Петербургская полиция проявляла, например, такое усердие, что, будь император и его ближайшее окружение повнимательнее, они бы увидели, что ее действия больше дискредитируют императора, чем стоят на страже его авторитета. В ее приказах повсеместно объявлялось, чтобы никто ни в разговорах, ни в письмах не употреблял слово "курносый", чтобы козам и кошкам не давать прозвище "Машка". Правда, и Павел не выдержал, когда генерал-губернатор Петербурга Архаров велел красить дома в Петербурге только черной и белой краской, будто бы выполняя волю императора, который восхищался черными и белыми полосами на шлагбаумах, верстовых столбах, сторожевых будках. Император воскликнул: "Разве я дурак, чтобы отдавать подобные приказания!" и распек губернатора.

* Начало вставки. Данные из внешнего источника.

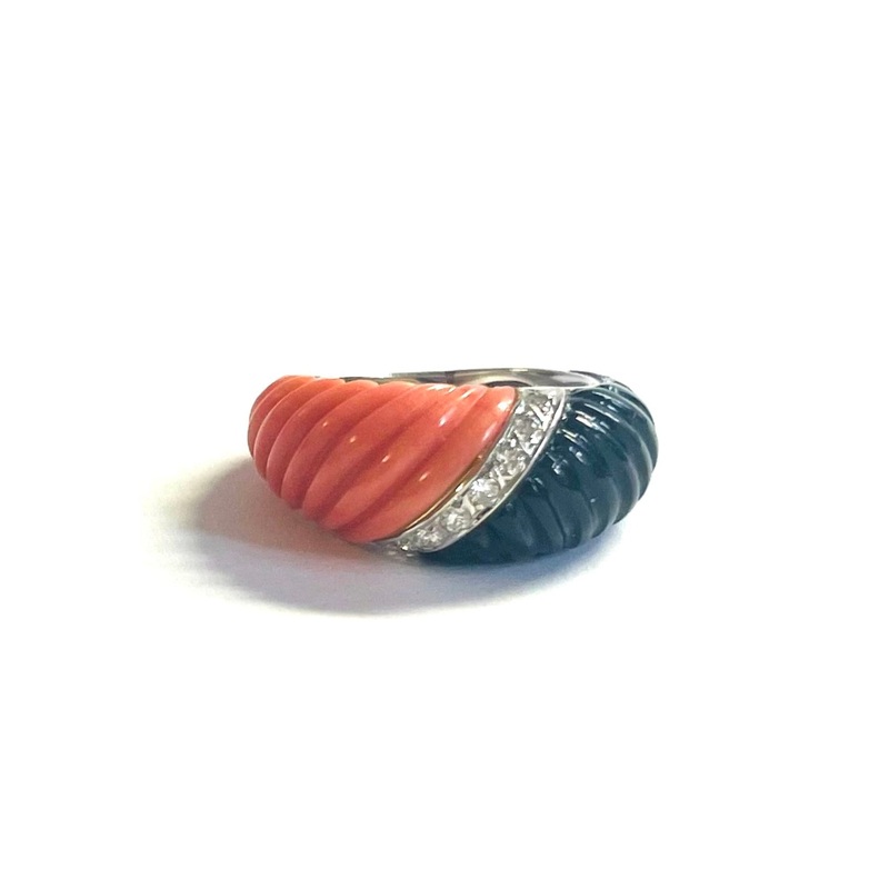 This vintage ring is a product of the 1970s design period. It features coral and onyx, set with 8 brilliant-cut diamonds totaling approximately 0.20 carats. The ring has a total weight of 7 grams and is made from 18kt white gold. This piece comes in a US size 5.5.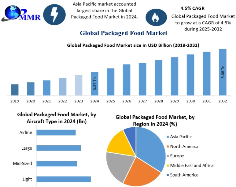 The Packaged Food Industry is witnessing significant expansion, valued at approximately USD 3.57 trillion in 2024, and projected to reach around USD 5.08 trillion by 2032, growing at a steady CAGR of 4.5% during the forecast period. Packaged food refers to pre-processed and sealed food products designed for convenience, safety, and longer shelf life, spanning categories such as ready-to-eat meals, snacks, bakery products, beverages, and frozen foods.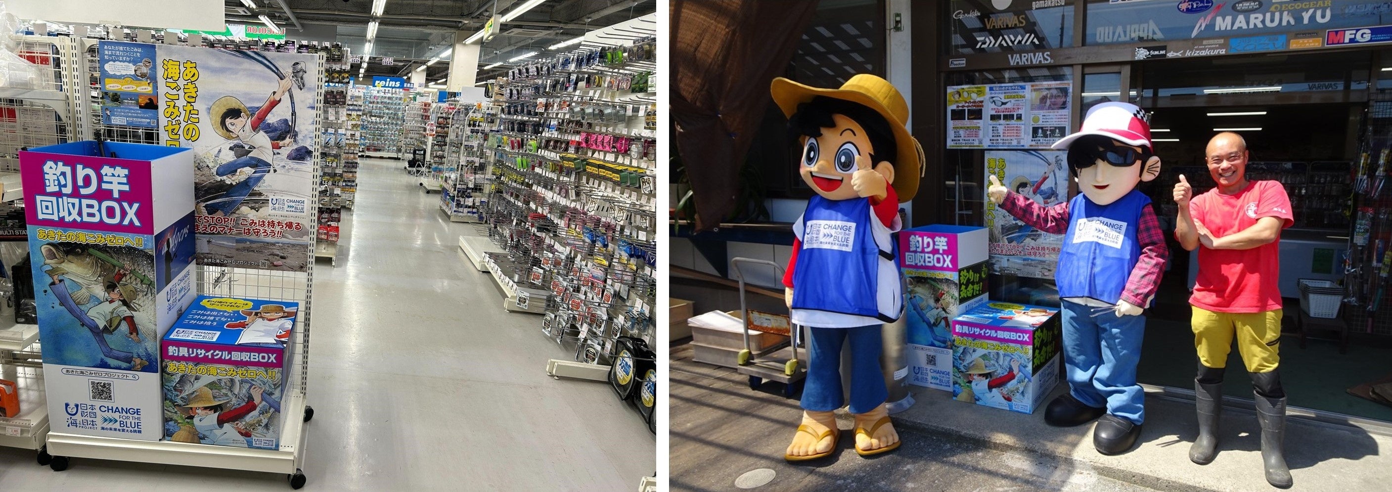 この取り組みが釣り場での釣具のポイ捨てや、置き捨てを防ぎ、海の環境を守ることに繋がればと思います。今年、釣具店2店舗の協力を得て釣りキチ三平釣り具回収BOXを設置しました。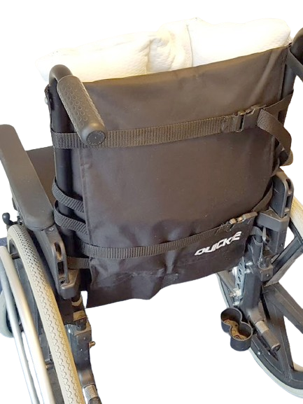 Rugkussen met kliksluitingen die in verschillende stoelen bevestigd kan worden; rolstoel, fauteuil, autostoel etc. Door de kliksluitingen en banden verplaatst het rugkussen niet.

Ну, а правитель Петербурга граф Пален был еще более коварен, нацелен на свержение императора. Как только он уезжал из Петербурга, клевета уменьшалась, слухи о том, что Павел душевнобольной, стихали. Конечно, большинство России эти слухи не воспринимало и не верило им. Не будем полностью принимать на веру высказывания историка Коцебу, но он не без оснований писал о последних месяцах царствования Павла: "Из 36 миллионов людей по крайней мере 33 миллиона имели повод благословлять императора... В торговле было больше человечности, в суде было больше правды, среди властей меньше лихоимства и хищений... страх внушал человеколюбие... солдаты были хорошо одеты, пользовались хорошей пищей, кроме того, осыпались денежными подарками".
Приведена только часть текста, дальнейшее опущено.